RAMALLAH: Le député israélien d'extrême droite Zvi Soukot a tenté mardi de détruire un mémorial à la mémoire de "martyrs" palestiniens dans un village en Cisjordanie occupée, affirmant qu'il s'agissait de "terroristes", un acte condamné par l'armée et la classe politique.

"Il y a quelques jours, j'ai demandé à l'armée d'agir pour retirer les monuments commémorant des terroristes responsables d'attaques contre des Israéliens dans les villages de Madama et de Burin. Malheureusement, ils sont restés en place.
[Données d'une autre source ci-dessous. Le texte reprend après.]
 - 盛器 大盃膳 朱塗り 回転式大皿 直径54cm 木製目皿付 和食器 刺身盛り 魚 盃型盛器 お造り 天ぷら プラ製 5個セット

Je m'y suis donc rendu moi-même et j'ai pris des mesures pour les retirer", a affirmé M. Soukot dans une vidéo le montrant avec un marteau tentant de détruire le mémorial.
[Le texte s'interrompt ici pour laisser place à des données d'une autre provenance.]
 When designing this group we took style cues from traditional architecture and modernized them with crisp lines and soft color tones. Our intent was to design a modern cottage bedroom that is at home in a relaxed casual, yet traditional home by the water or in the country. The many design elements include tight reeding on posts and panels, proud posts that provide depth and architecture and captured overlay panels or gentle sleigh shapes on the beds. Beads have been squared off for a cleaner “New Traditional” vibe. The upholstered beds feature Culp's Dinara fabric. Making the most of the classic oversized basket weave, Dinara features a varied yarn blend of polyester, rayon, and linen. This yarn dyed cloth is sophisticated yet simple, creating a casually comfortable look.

L'armée israélienne qui accompagnait le député lors de cette visite dans des villages palestiniens du nord de la Cisjordanie a dénoncé "la manière trompeuse et manipulatrice" dont elle a été utilisée par M. Soukot.

"Des soldats de Tsahal affectés à des missions opérationnelles dans le secteur ont été détournés de ces missions pour cette tâche et exposés à des risques inutiles, alors que Tsahal opère dans un contexte de forte pression", a dit l'armée dans un communiqué.
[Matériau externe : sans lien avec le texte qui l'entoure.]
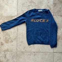 Stickad härlig hösttröja med polokrage och långa ärmar. Tröjan har ett flätat mönster framtill och detaljer på ärmarna. Vacker grå-lila färg, supergosig tröja. Använd av ett barn, men i fint skick. Nypris ca 800 kr

Le Premier ministre israélien Benjamin Netanyahu a affirmé que l'armée est "l'autorité souveraine en Judée-Samarie (nom israélien de la Cisjordanie)".

"Se faire justice soi-même, en particulier lorsqu'il s’agit de personnalités publiques, est une pratique répréhensible qui empêche Tsahal de se concentrer sur ses missions de lutte contre le terrorisme et l'incitation à la violence", a dit M. Netanyahu selon un communiqué de son bureau.

Le principal rival de M. Netanyahu pour les prochaines élections, Gadi Eizenkot, a réagi sur X en accusant le Premier ministre "qui permet à des anarchistes comme Zvi Soukot et ses semblables de faire tout ce qui leur plaît, mettant en danger la sécurité des localités israéliennes et portant atteinte à la position d'Israël dans le monde".

Rami Nassar, chef du conseil du village de Madama, a déclaré à l'AFP que "le monument porte les noms des martyrs du village tombés lors de la bataille de Karameh (en 1968, NDLR), des première et deuxième Intifada (soulèvement palestinien), ainsi que jusqu'à aujourd'hui", qualifiant l'acte du député israélien de "terrorisme".

M. Nassar a affirmé que le nom d'"un agriculteur du village tué alors qu'il travaillait sa terre, sans qu'aucun affrontement n'ait eu lieu" était notamment inscrit sur le mémorial.

Dans sa vidéo, M. Soukot a affirmé que parmi les noms mentionnés sur le mémorial figurait celui de Yamen Faredj, membre du Front populaire de libération de la Palestine (FPLP), recherché pour sa participation à des attentats en Israël pendant la seconde Intifada et qui avait été tué en 2004 à Naplouse par l'armée israélienne.

Les violences ont explosé dans le territoire palestinien, occupé depuis 1967, depuis l'attaque du mouvement islamiste Hamas en Israël le 7 octobre 2023, qui a déclenché la guerre à Gaza.